Now that’s way above my pay grade! But I understand about the sterile environment.
 
i'm not sure why he's sterilizing with the flame, but doing all this in open air....
Because a clean room and laminar flow hood cost money and space.
Do you routinely test air quality in your "steriler" workspace to verify a particular ISO classification? ;)

Sounds like a cool setup though, regardless.
 
Now that’s way above my pay grade! But I understand about the sterile environment.

nah my DOE hepa filter that screwed onto a storage tote only cost $30...the blower was given to me...

Because a clean room and laminar flow hood cost money and space.
Do you routinely test air quality in your "steriler" workspace to verify a particular ISO classification? ;)

Sounds like a cool setup though, regardless.

nope, and yes, i don't know how to spell...i just let it run for a while and hold a lighter up to my arm holes to make sure i have positive pressure....and i spray it down with bleach solution, get pretty decent clean plates of mycillium....

I've been wanting to use it for koji, just in case the beer cartel starts sterilizing feed barley....

(i don't use a laminar flow hood, but i do have a hefty hepa, and use it for positive pressure in a 'glove box')
 
Fair enough.

That really is cool. :)

Each brewing gadget I acquire has to be weighed against my wife killing me. When she ups my life insurance I know I've gone too far.

and i just drown my singleness in alcohol....lol, to each their own, or the grass is always greener....:)
 
Fair enough.

That really is cool. :)

Each brewing gadget I acquire has to be weighed against my wife killing me. When she ups my life insurance I know I've gone too far.

Pretty much all my equipment is used, and I have enough to brew three batches at a time... so I’m at the point where new things just blend in...
 
i'm not sure why he's sterilizing with the flame, but doing all this in open air....

Sterilizing the loop and flaming the tube opening are standard microbiological practice. As far as doing it in the open air, we did that in the micro lab all the time, and with a lot of moderately pathogenic organisms (Staph, Strep, Enteric organisms, etc).
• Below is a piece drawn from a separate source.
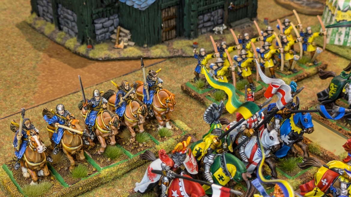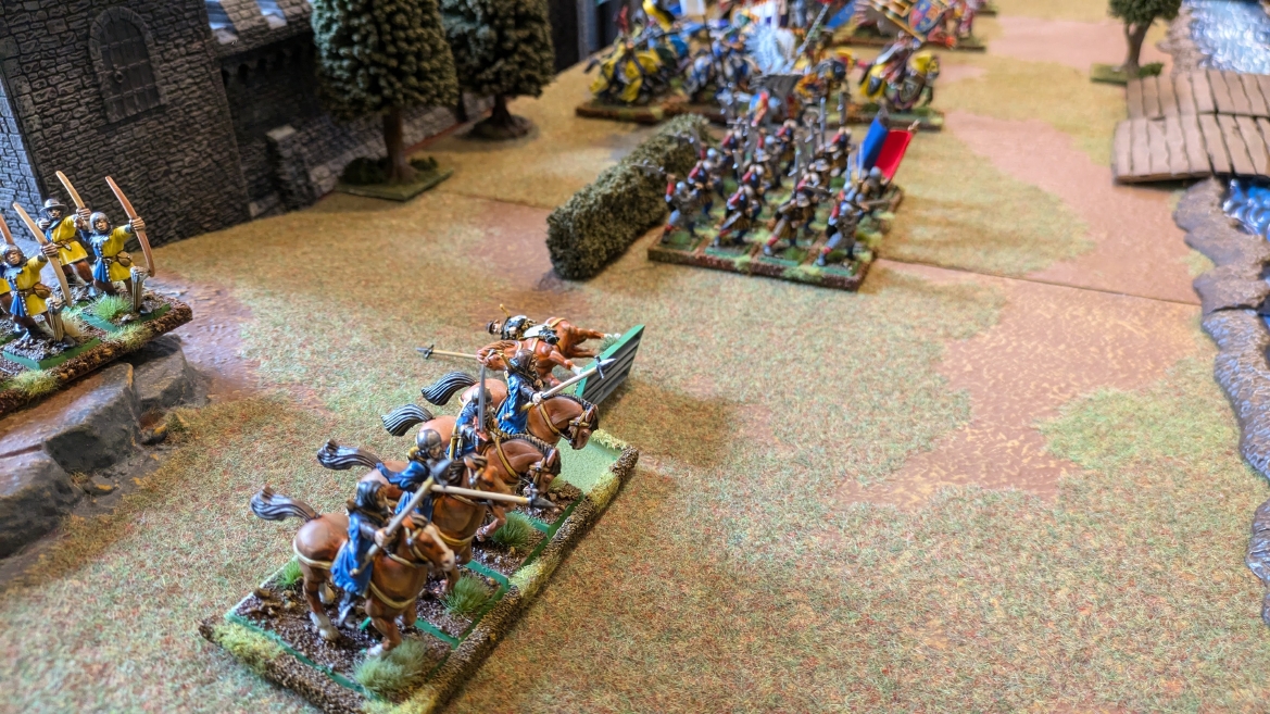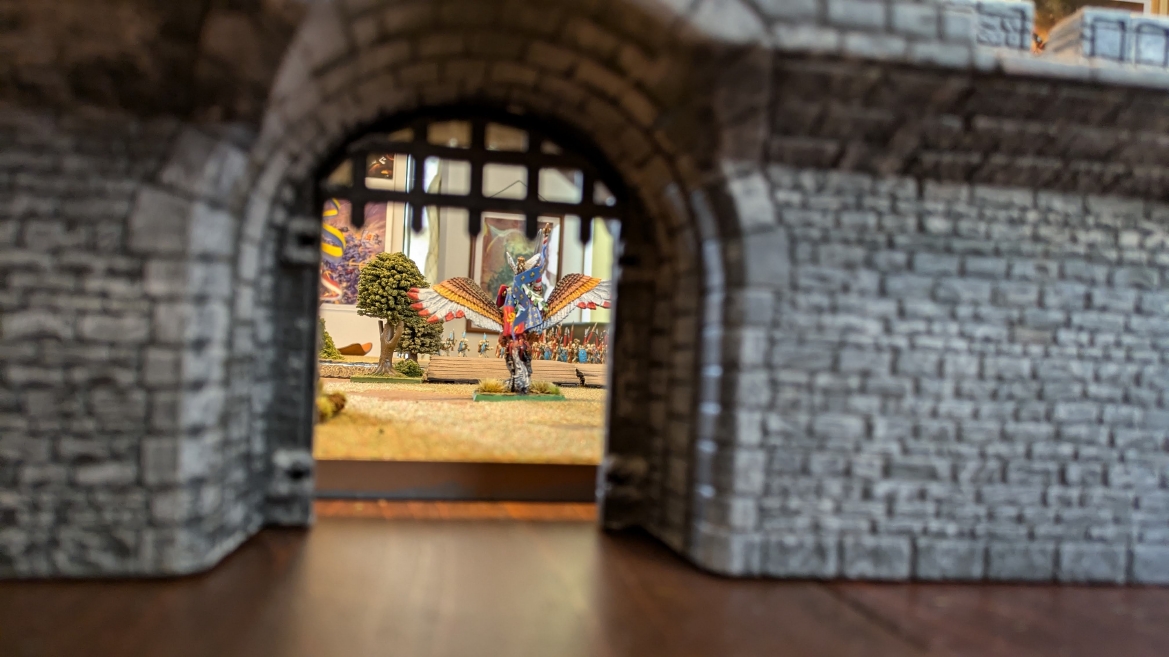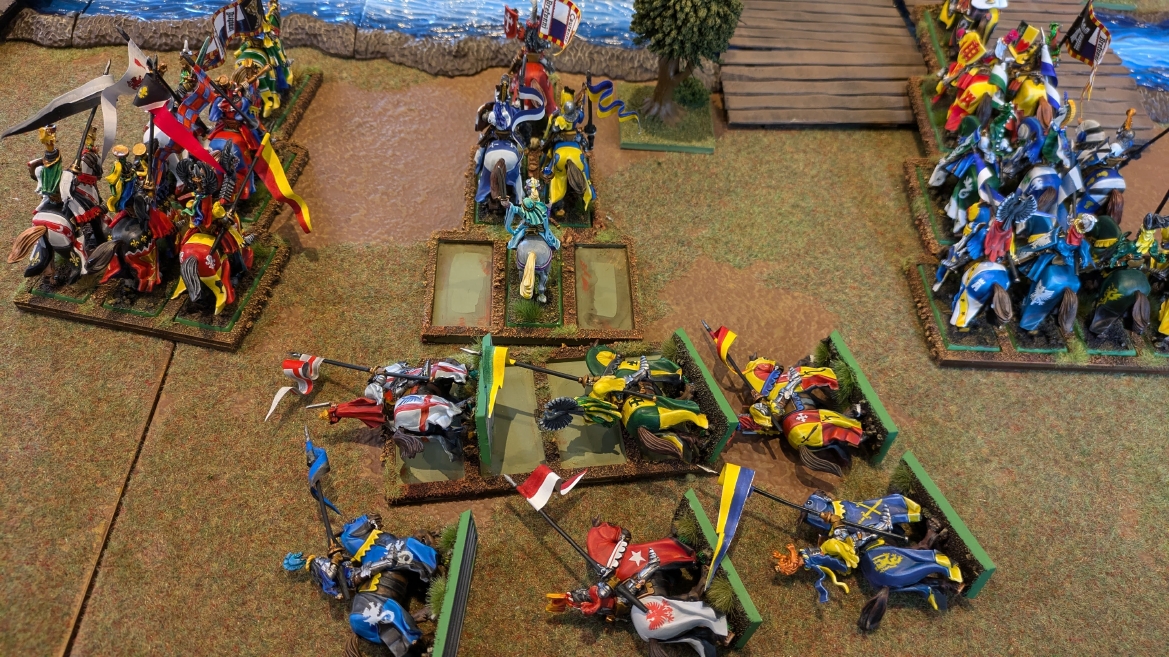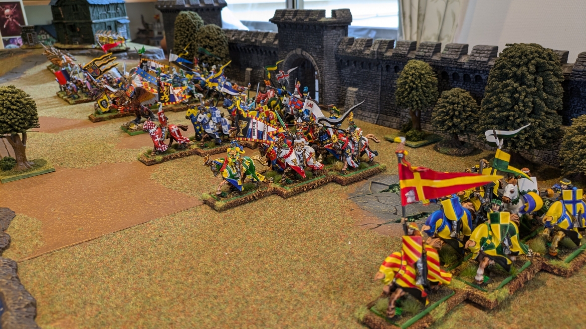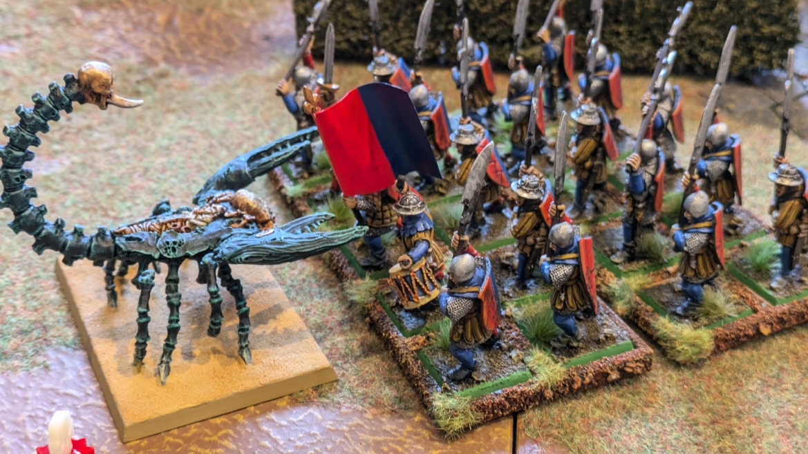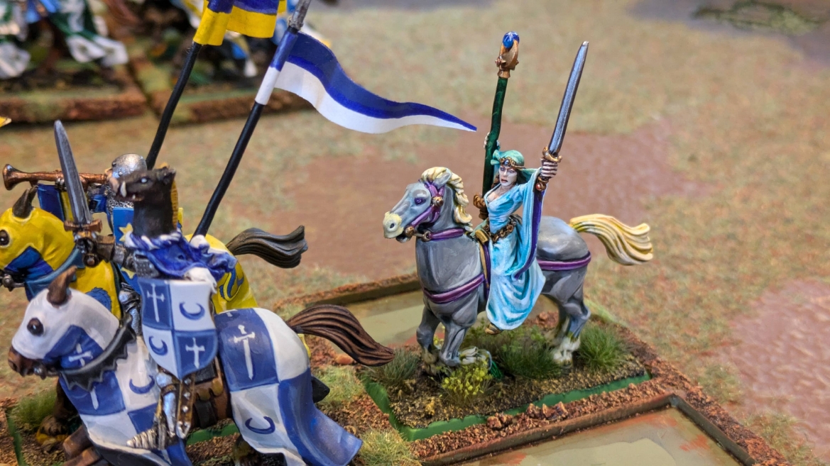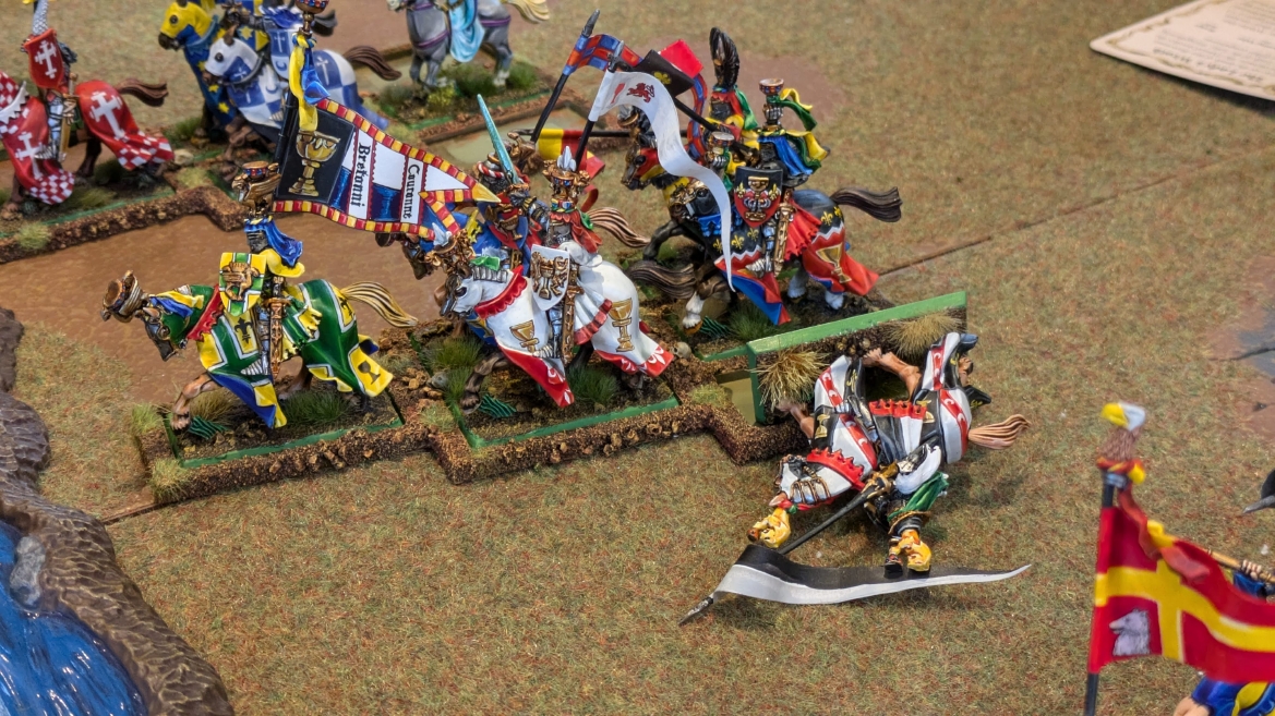 バトルセットアップ ![]() 戦場の構築はホストの役目、というのが昔の本に書いてありました。25年も前の本の記述をいまだに若干引きずってるので、今日の戦場は僕の独断で川を流しました。 今版のOWで川はディフィカルトテレイン(移動力マイナス1、突撃時は2D6の内良いほうの出目を排除)ということで、 昔よりは害が少ない感じで、割と気軽に川があってもいいのかなと思ったりしています。 川テレインは大昔に購入した他社製の塗装済みだったものです。よく売れたみたいで今でもたまに使ってる光景をSNS上で見かけることがありますね。 今回のバトル、テレインで変わり種を入れたので、シナリオ自体はシンプルにオープンバトルとすることにしました。 ![]() それにしても今回はウォーハンマー関連の雑談が盛り上がり過ぎちゃって、ゲームがなかなか始まらないって感じになっちゃってました(笑) そんでもって、ウォーハンマーは初期配置がものすごく悩むし、極端に言えば初期配置で勝敗が決まるっていう人もいるくらい、大事な時間です。 ああでもない、こうでもないとワイワイ話しながらやるのがまたたまらなく楽しいんですよねぇ。 途中、息子がちょくちょく覗きにきてました。 ブレトニア側初期配置 ![]() 背景のウォーハンマーフォートレス(城塞)は盤外においてあって、雰囲気演出用ではあるのですが、城塞を背に今まさに出撃!!という感じのブレトニア軍です。 ![]() ジェネラルのヒポグリフはどこかに隠そうか悩みましたが、意外に隠れられるところもないし、 ブレトニアの王たるものが敵の死角を狙って配置するということは絵的に美しくありません。 堂々と戦うのみ!(だからお前は勝てないとかいわないで) ![]() 城塞の正面門から戦場を覗く息子。「お父ちゃん、こっから見たらすごい迫力あってかっこいいよ!」って教えてくれる息子。かわいいやつ。 ![]() 確かにドラマチック!! トゥームキング側初期配置 ![]() トゥームキング側は川と廃墟となった塔により戦力配分にかなり苦慮されつつの初期配置となりました。 ![]() スケルトンウォーリアー35体ユニットは今回のはたさんの編成のキモのようですから、真ん中に据えられています。 プリンスとネクロテクトも合流され、防御力のみならず攻撃力も最大限に強化されています。 ここにはぶつかりたくないのが正直なところです。 ボーンドラゴンに対しては一発撃破の可能性があるだけでだいぶ気が楽なんですが、このユニットに対する対抗策が今のところ思いつきません。 ![]() スケルトンチャリオットの4期編成は横幅が広すぎてうまく配置できなかったため、1台はランク後方に。 ゲーム開始時に廃墟の塔は二人で話し合って位置決めしたのですが、この塔の位置が絶妙に邪魔過ぎてはたさんも悶絶されていました(笑)。 ![]() 丘の上にはスカルカタパルトが配置され、はたさんも今回こそはと意気込んでおられます。そして今回はトゥームスコーピオンは最初から配置。 増援戦力ですと後半までまったく出てこないというパターンもあり得るので今回は強襲用ではなく、通常戦力としての投入となっています。無難ではありますよね。 ![]() 初期配置が完了するといよいよ戦いが始まるというわくわく感がたまりませんね。すでにかなり満足度も高かったりで。 個人的にはブレトニア側は中央付近にナイトを集中配置できて、絵的にもゲーム的にも良さそうな感じで配置できたなと思っていました。 ![]() いよいよゲーム開始です。 ブレトニアは淑女の加護(全軍6+ワードセーブ、S5以上なら5+ワードセーブ)を得るために後攻を選択します。 「じゃ、僕は加護があるんで後攻でいきます〜」と宣言すると、「淑女への祈りが軽すぎる!!」と、はたさんから叱られました(笑)。 ![]() 1ターン目先行トゥームキングです。歩きながらアーサプの矢の効果で移動後マイナス修正無視で射撃するスケルトン。 と言っても5以上でヒット。そんなには当たりませんよと。 ![]() おおっと!ヨーメンに刺さりました。1体落馬。地味につらいですね、セーブ全くないっていうのも。 ![]() そしていよいよ射撃フェイズのメインディッシュ、スクリーミングスカルカタパルトから放たれた燃え盛る髑髏はちゃんと当たるでしょうか!!? ![]() ナイトオブザレルムに直撃ッ!!!!うわぁぁ〜〜〜一発目でやりましたね! 「閣下危ない」で淑女をかばった騎士も含め、合計7点のダメージを叩き込まれました。 これはさすがにヤバイかな?って思いましたが、セーブ修正加え5+アーマーセーブと5+ワードセーブの結果、ダメージゼロ!! ![]() いや〜これは凄い運がよかったです。しかし今回のカタパルト、幸先はいいですね。かなり。 さて、射撃フェイズも終わりほぼノーダメージで1ターン目前半を追えました。さぁ、ナイト達全軍前進です。突撃はさすがにまだできません。 射撃フェイズに眼前のスケルトンアーチャーに向けてファイアボールを放つプロフェテス! ![]() しかしミスキャストからの魔

This looks like a fairly standard, routine procedure that would pass "standard of care" practices in a hospital....
 
I bought some 20 ml plastic vials online. I take sterile water, microwaved to a boil then cooled. I don't take any huge steps to make a sterile room to work in. I use my stove burner on medium to work beside. I have a medicine syringe. I measure out 5 ml glycerin, 5 ml yeast, and 10 ml water and put that in each vial. I make a slightly over-sized starter with liquid yeast and use that to make 4 vials. I chill them overnight in the fridge, shake them up to mix everything and immediately put them in the freezer. I have them in a Styrofoam box and surrounded by ice packs to counteract the defrost cycle of my freezer.

I have resurrected yeast that I froze in 2012 earlier this year (two different yeasts) That reminds me, I should move them from my refrigerator freezer to my chest freezer so there isn't the defrost cycle to worry about, but that hasn't seemed to be a problem for over 6 years.
 
i'm not sure why he's sterilizing with the flame, but doing all this in open air....

He is not really working in the "open air". The flame produces an updraft of reasonably sterile air. I am not an expert on this, but this is the setup that I see advocated in most yeast culturing references. In some cases, he moves items out of the flame area towards the camera, which you would not do at home.

I have not figured out if I want to move into yeast banking. I have had good luck with harvesting yeast slurry and repitching that, but for that to work best you really need to repitch in a month (maybe 2) after harvesting. I enjoy getting several batches out of a $9 pack of yeast, but not sure the expensive of the equipment and the work to store and propagate a common yeast is worth saving $9.
 
He is not really working in the "open air". The flame produces an updraft of reasonably sterile air. I am not an expert on this, but this is the setup that I see advocated in most yeast culturing references. In some cases, he moves items out of the flame area towards the camera, which you would not do at home.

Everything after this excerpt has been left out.